# Work task:
Taking the line with "---:--- 濁水溪、魚頭" as the first and the last line of the listing as the final one, please copy exactly those lines and no others, without pictures.

# Given data:
══════════════════════════════

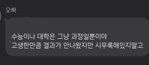 난 진짜 괜찮은데 오히려 가족들이 너무 슬퍼해서 그게 속상해서 울었어 오늘 다들 바빠서 집에 나 혼자 있었는데 걱정됐는지 계속 연락오더라 언니랑 전화하면서 울고 오빠랑 전화하면서 울고 엄마랑 전화하면서 울고 아빠한테 카톡 받고 울고ㅋㅋㅋㅋㅋ 아 나 진짜 괜찮은데!! 아닌가 계속 눈물 났어 난 망한 거 결과 받기 전부터 알고 있어서 정말 괜찮았는데 아닌가봐
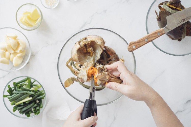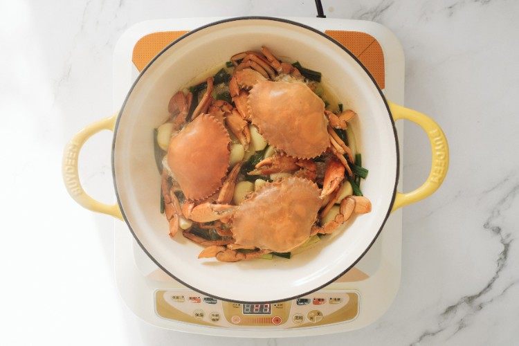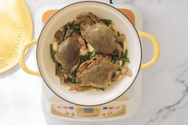 螃蟹处理干净,葱切成段,姜切片。
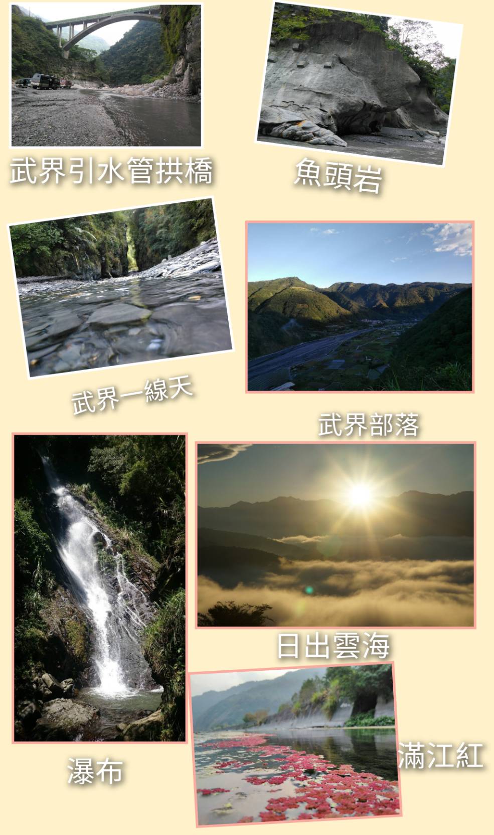 ---:--- 濁水溪、魚頭岩、撿龍紋石(又稱幸運石)、一線天、部落市集、武界水壩外庫、武界引水道
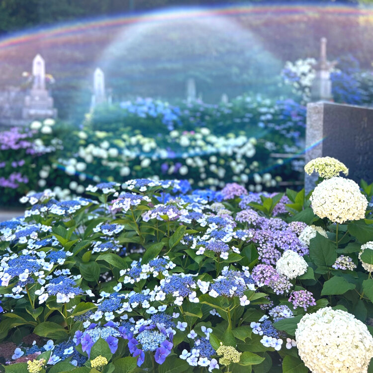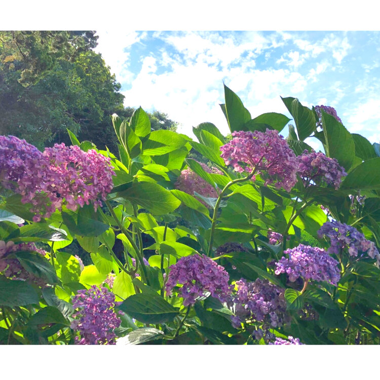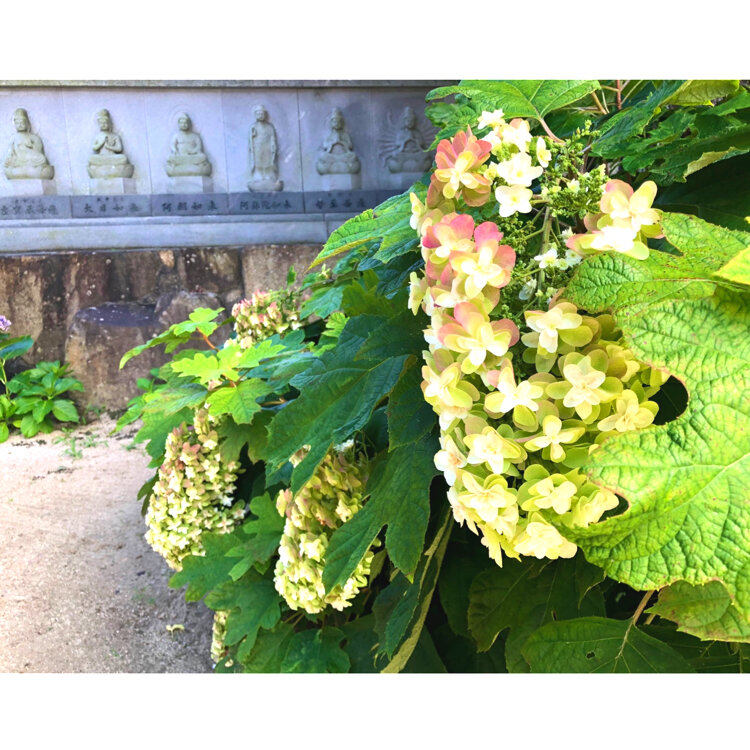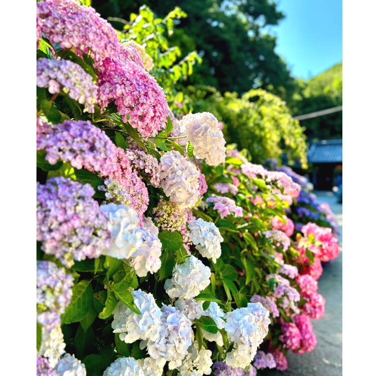 色合いがとても素敵で私には表せれない色合いだなぁ、綺麗だなぁって入口からテンション上がりまくりです↑色とりどりの紫陽花の花が境内を華やかに、それでいて厳かに、見学に来られていた人達はみんな笑顔でそれぞれの楽しみ方をされていました✨お昼もすぎた3時、写真を後で見ると太陽の光の加減であちこちで光の道が出来てて綺麗でした✨まだまだ蕾もあったので、今頃はもっと華やかになっているんでしょうね🌼🌸

══════════════════════════════

# Task answer:
 ---:--- 濁水溪、魚頭岩、撿龍紋石(又稱幸運石)、一線天、部落市集、武界水壩外庫、武界引水道
 色合いがとても素敵で私には表せれない色合いだなぁ、綺麗だなぁって入口からテンション上がりまくりです↑色とりどりの紫陽花の花が境内を華やかに、それでいて厳かに、見学に来られていた人達はみんな笑顔でそれぞれの楽しみ方をされていました✨お昼もすぎた3時、写真を後で見ると太陽の光の加減であちこちで光の道が出来てて綺麗でした✨まだまだ蕾もあったので、今頃はもっと華やかになっているんでしょうね🌼🌸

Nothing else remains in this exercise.